Henry Rago (1915–1969) was a poet, educator, and editor.

Overview
Rago was editor of Poetry Magazine for 14 years from 1955-1969. He was also a Professor of Theology and Literature at the University of Chicago jointly in the Divinity School and in the New Collegiate Division. His seminars and research explored the relations between poetry and religion, among other interdisciplinary concerns. He was co-chairman of the program in the History and Philosophy of Religion in the New Collegiate Division.

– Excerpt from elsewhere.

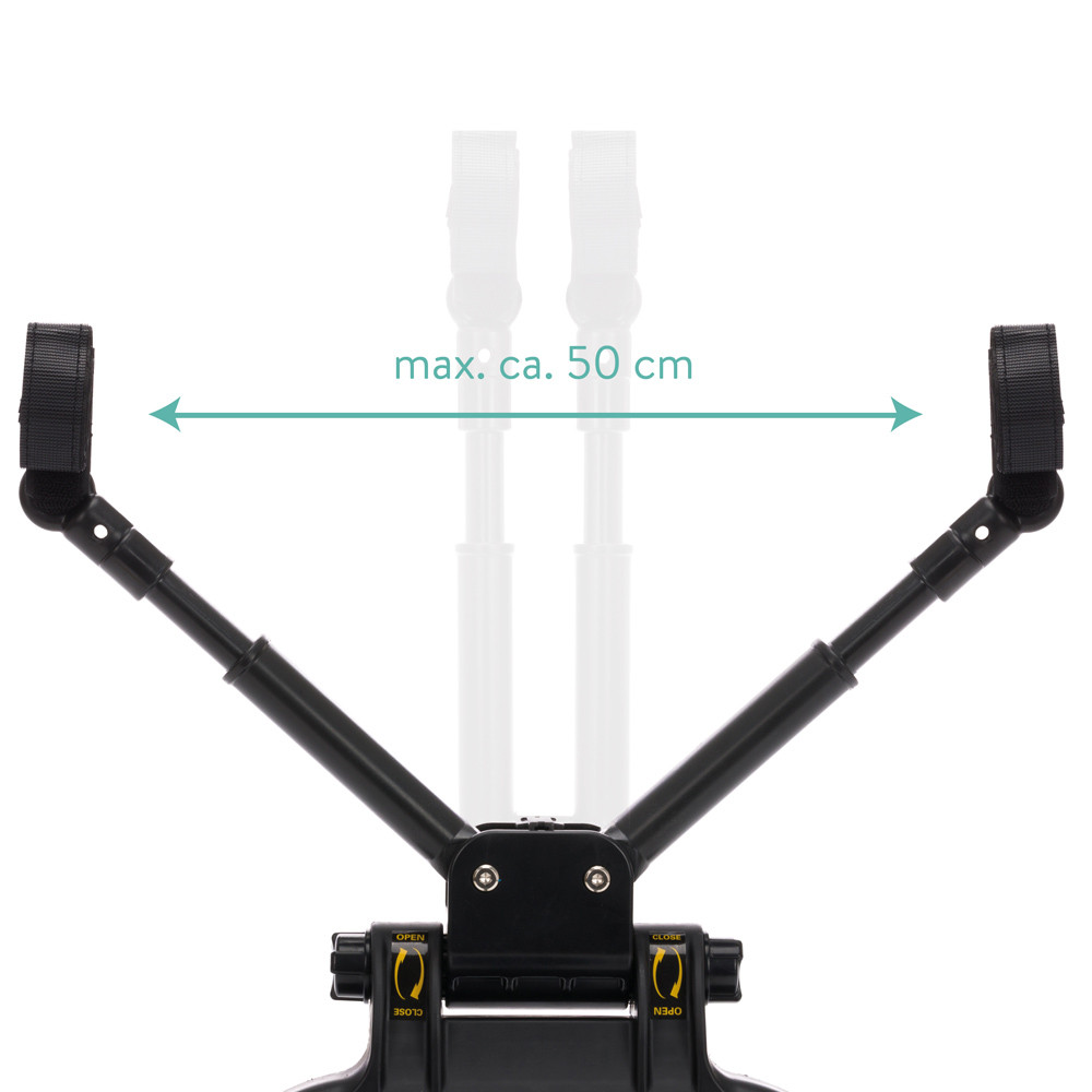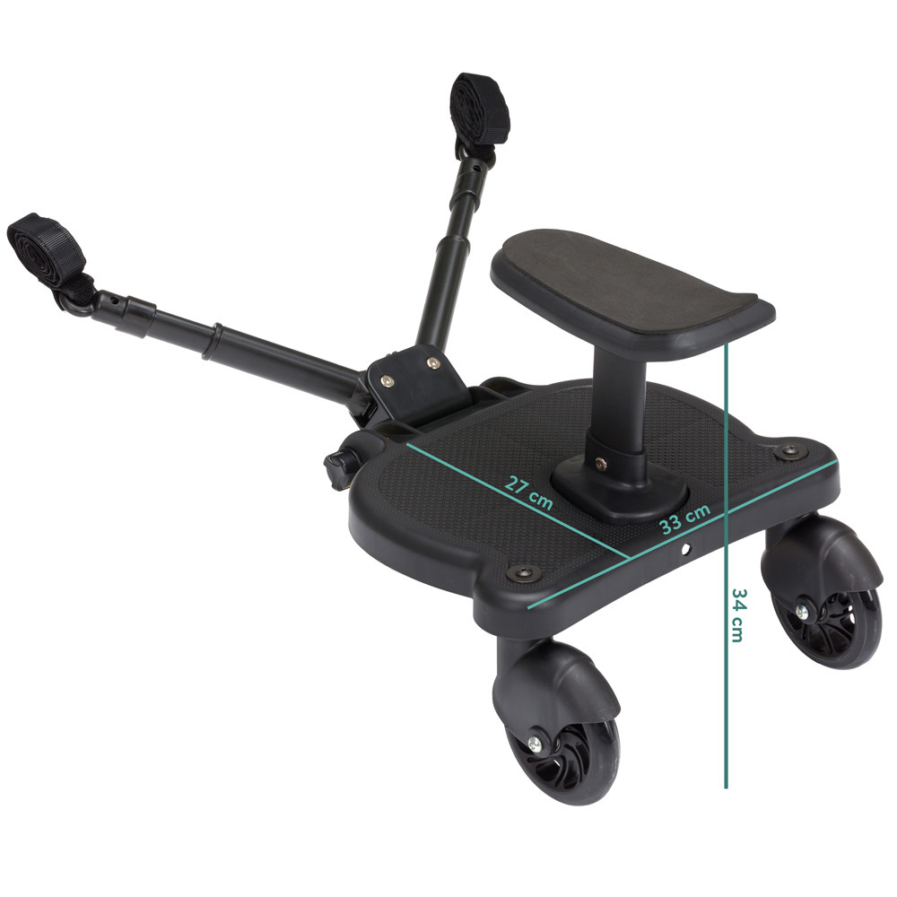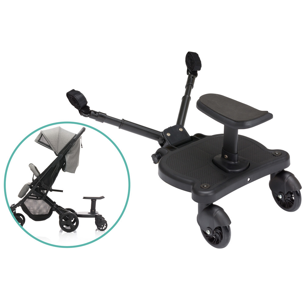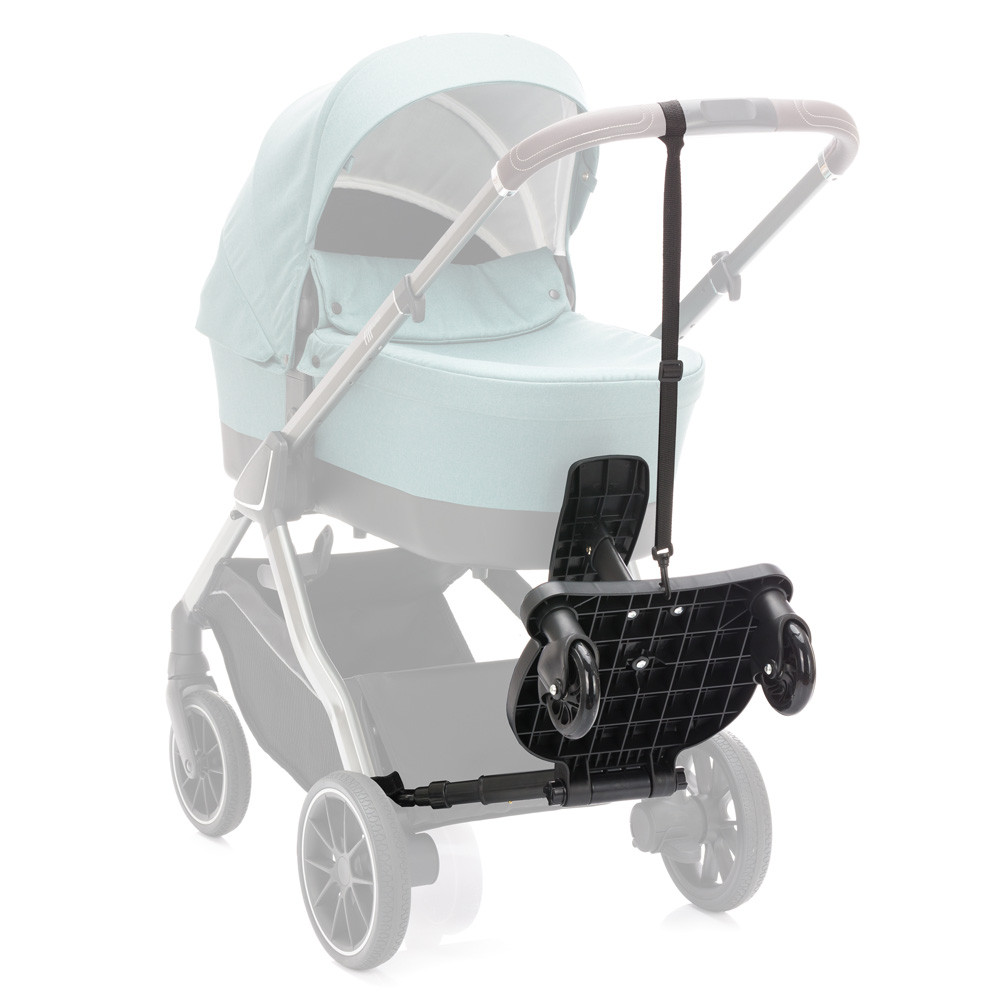 Ha a gyermeknek éppen nincs szüksége a testvérfellépőre, egyszerűen rögzítheti a babakocsi tolókarjához egy pánttal.

He died at age 53 on May 26, 1969 in Chicago. Rago had, just that year, resigned his editorship at Poetry to take a year of lecturing and writing on a grant from the Ford Foundation to be followed by a full time position at the University of Chicago. He was at work on a book titled The Vocation of Poetry.

His poems were widely published in magazines and newspapers during his lifetime, beginning at age 16 in Poetry Magazine. His book of poems, A Sky of Late Summer, was published by Macmillan in 1963.

Stanley Kunitz wrote:

Hayden Carruth writes:

He has recorded poems for the archives of the Library of Congress and for the Lamont Library at Harvard among the many places throughout the world he lectured on literature and philosophy, and read his poems.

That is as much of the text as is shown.